Tous les ans, l’Assemblée et le Sénat s’allouent une « réserve parlementaire » : 90 millions d’euros aux députés et 55 aux sénateurs, qui donnent à chaque élu une sorte de « droit de tirage » sur le budget de l’Etat pour financer des infrastructures ou des associations dans sa circonscription. Des députés décrochent plus de 100 000 euros, d’autres 30 000, et les novices ignorent parfois l’existence du système. Il n’existe aucune liste publique des projets financés. La encore, le Parlement qui exige la transparence de tous…Peut difficilement être crédible en ne pratiquant pas cette charité en commençant par lui même.
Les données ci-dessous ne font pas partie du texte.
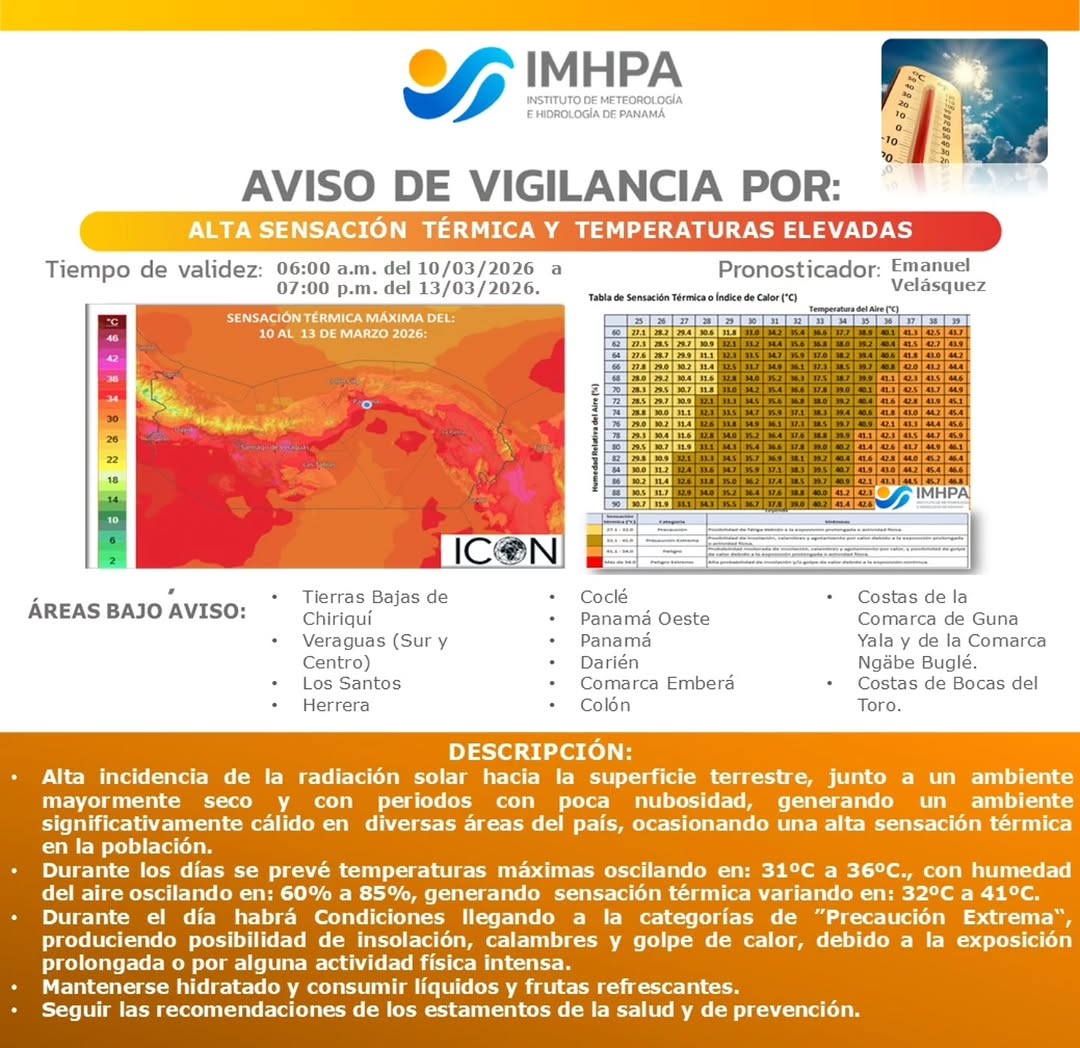 El Instituto de Meteorología e Hidrología de Panamá (IMHPA) emitió un aviso de vigilancia debido a la presencia de altas temperaturas y elevada sensación térmica en varias regiones del país, vigente desde las 6:00 a.m. del lunes 10 de marzo hasta las 7:00 p.m. del jueves 13 de marzo de 2026. Según el informe...

Sans doute une nouvelle manifestation de la rupture ! Délaissant la Citroën C6 blindée achetée par Jacques Chirac il y a trois ans, Nicolas Sarkozy se fait livrer une nouvelle Renault Vel Satis. Plus longue de 25 cm que le modèle de série, le véhicule sera aménagé en bureau roulant avec sièges en cuir, ordinateurs et équipement de communication dernier cri. Le coût? S’est on même posé la question à l’Elysée?
Des sénateurs ont deux voitures avec chauffeur, une à Paris une en région. 23 des 331 élu du Luxembourg disposent chacun d’une «voiture de dignitaire». Un privilège réservé à la crème : le président, les 6 vice-présidents, les 3 questeurs, les 6 présidents de commissions et 7 responsables de groupes politiques. Ce sont 24 Peugeot 607, Citroën C6 et Renault Vel Satis (de 45 000 à 53 000 euros l’unité) que bichonnent, dans la cour les chauffeurs de la maison.
Organisés en tamdem (car ils sont aux 32 heures, pour 2 300 à 5 000 euros par mois), ces pilotes multiplient les trajets haletants : Sénat-aéroport, Sénat-restaurant.
Bien sûr, les élus pourraient aussi utiliser la vingtaine de voitures à disposition de tous, prendre un taxi (remboursé) voir s’aventurer dans le métro munis d’un pass gratuit. Ou encore…Emprunter la SNCF qui offre gratuitement le voyage à tous les élus.
Mais, en province ils ont souvent pris de mauvaises habitudes : 47 sénateurs sont aussi présidents de leur Conseil général, où ils ont droit à une limousine du même acabit … Quand aux autres, ils dépensent souvent leur indemnité mensuelle de « frais de mandat » ( 6 141, 33 euros ) chez un concessionnaire auto.
Que représenterait ces efforts? Rien, si l’on regarde à l’aune des économies réalisées. Mais symboliquement, l’impact serait démentiel !
Et finirait par payer. L’exemple nourrit l’ex.
Or, rien ne peut se faire sans confiance. Et sans…Solidarité vraiment…Nationale.